Records provided
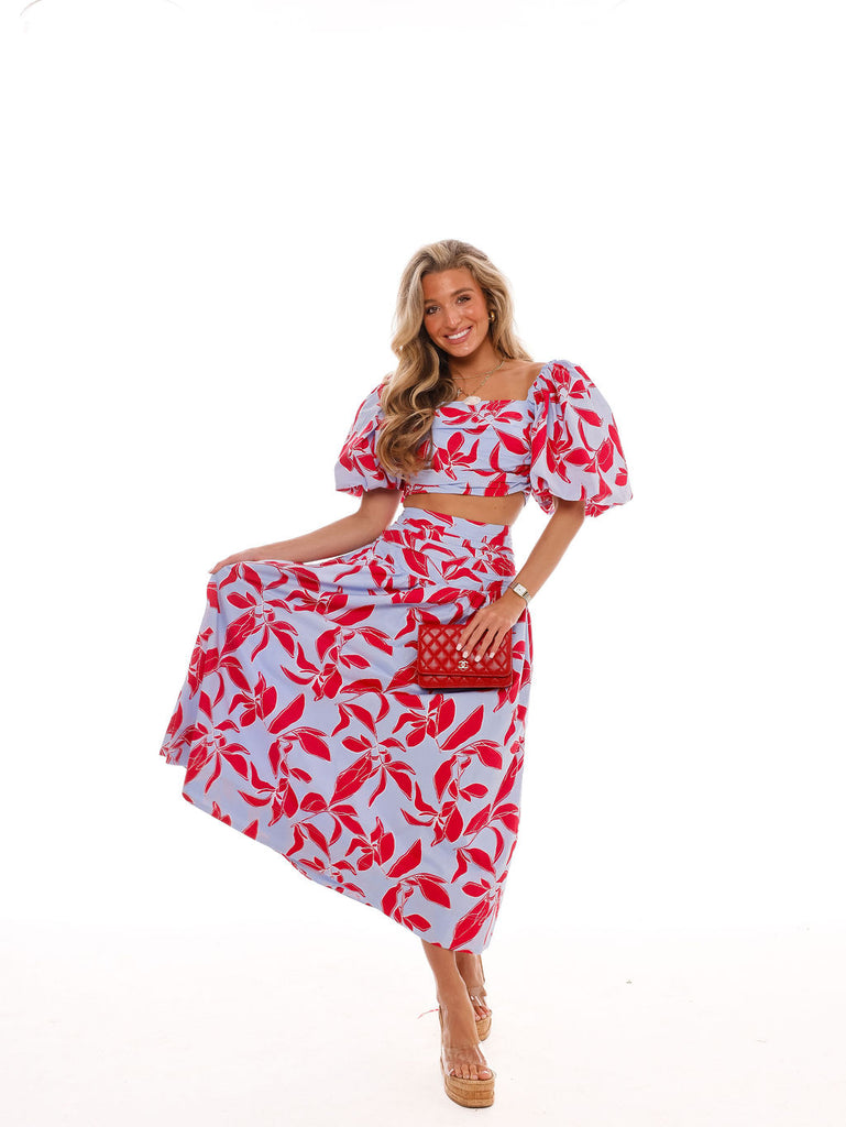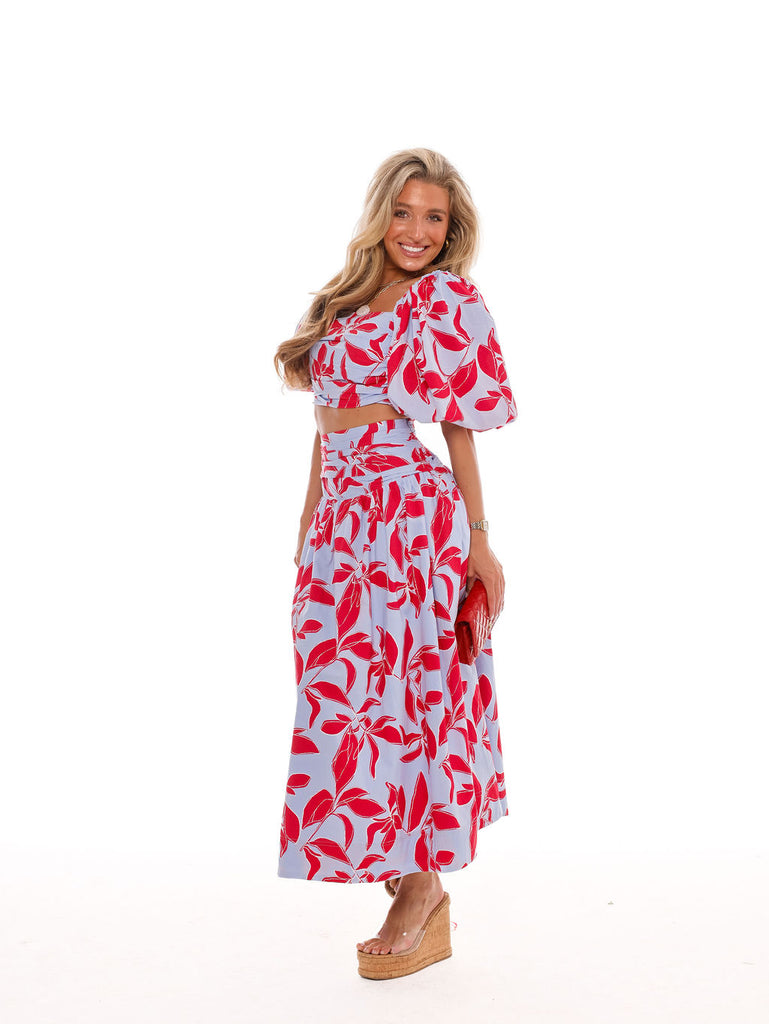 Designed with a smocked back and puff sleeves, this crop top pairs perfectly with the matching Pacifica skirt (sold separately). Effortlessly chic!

* * *

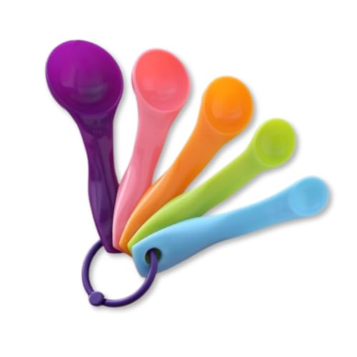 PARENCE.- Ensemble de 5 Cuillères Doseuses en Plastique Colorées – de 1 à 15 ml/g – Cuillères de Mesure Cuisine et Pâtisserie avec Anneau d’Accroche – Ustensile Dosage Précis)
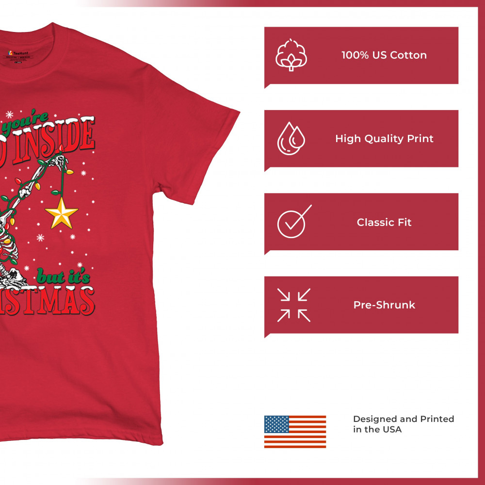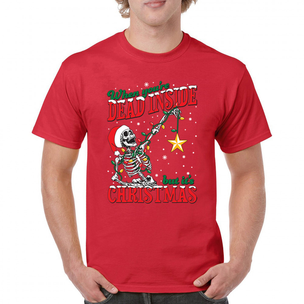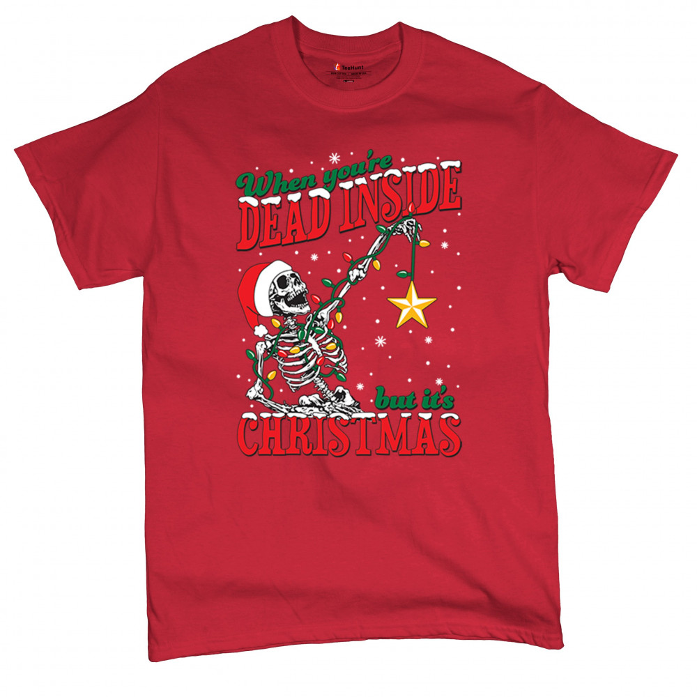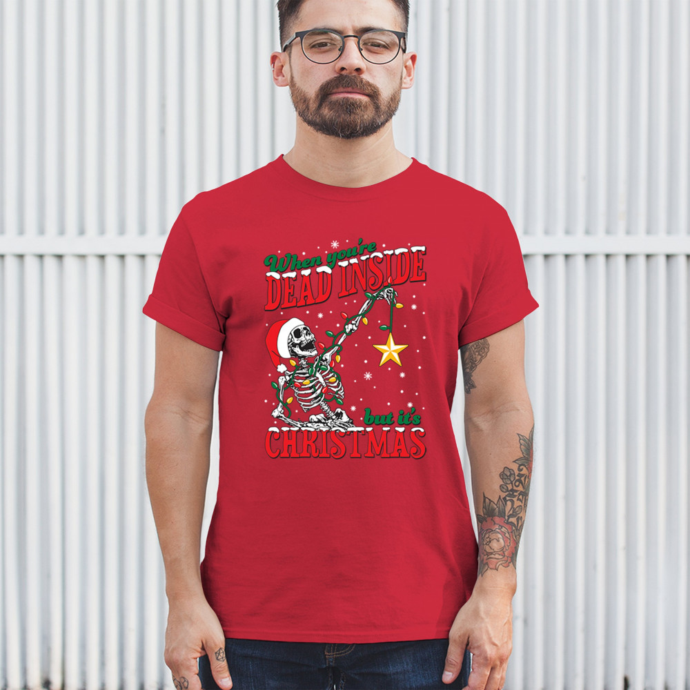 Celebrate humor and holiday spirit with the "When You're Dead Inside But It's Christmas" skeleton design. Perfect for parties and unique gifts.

---

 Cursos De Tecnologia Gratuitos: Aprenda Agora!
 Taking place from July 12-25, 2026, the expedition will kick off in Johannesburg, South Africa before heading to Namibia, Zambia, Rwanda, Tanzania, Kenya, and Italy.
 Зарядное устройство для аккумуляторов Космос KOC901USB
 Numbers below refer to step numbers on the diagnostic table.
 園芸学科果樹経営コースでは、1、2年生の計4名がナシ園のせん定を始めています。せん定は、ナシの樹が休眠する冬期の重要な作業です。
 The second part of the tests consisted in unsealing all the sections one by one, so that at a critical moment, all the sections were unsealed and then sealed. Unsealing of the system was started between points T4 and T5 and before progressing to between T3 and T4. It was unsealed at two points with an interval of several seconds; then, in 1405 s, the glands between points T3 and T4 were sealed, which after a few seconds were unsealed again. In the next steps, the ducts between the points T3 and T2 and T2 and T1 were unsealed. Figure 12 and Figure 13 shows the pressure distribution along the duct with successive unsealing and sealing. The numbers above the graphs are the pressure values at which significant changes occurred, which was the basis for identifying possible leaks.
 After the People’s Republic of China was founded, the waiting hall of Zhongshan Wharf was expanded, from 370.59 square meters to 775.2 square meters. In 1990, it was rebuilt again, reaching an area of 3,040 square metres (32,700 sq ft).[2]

Aim of the task
Find each line holding the string "from" in the listing above, then copy it.

Exercise result
 Taking place from July 12-25, 2026, the expedition will kick off in Johannesburg, South Africa before heading to Namibia, Zambia, Rwanda, Tanzania, Kenya, and Italy.
 After the People’s Republic of China was founded, the waiting hall of Zhongshan Wharf was expanded, from 370.59 square meters to 775.2 square meters. In 1990, it was rebuilt again, reaching an area of 3,040 square metres (32,700 sq ft).[2]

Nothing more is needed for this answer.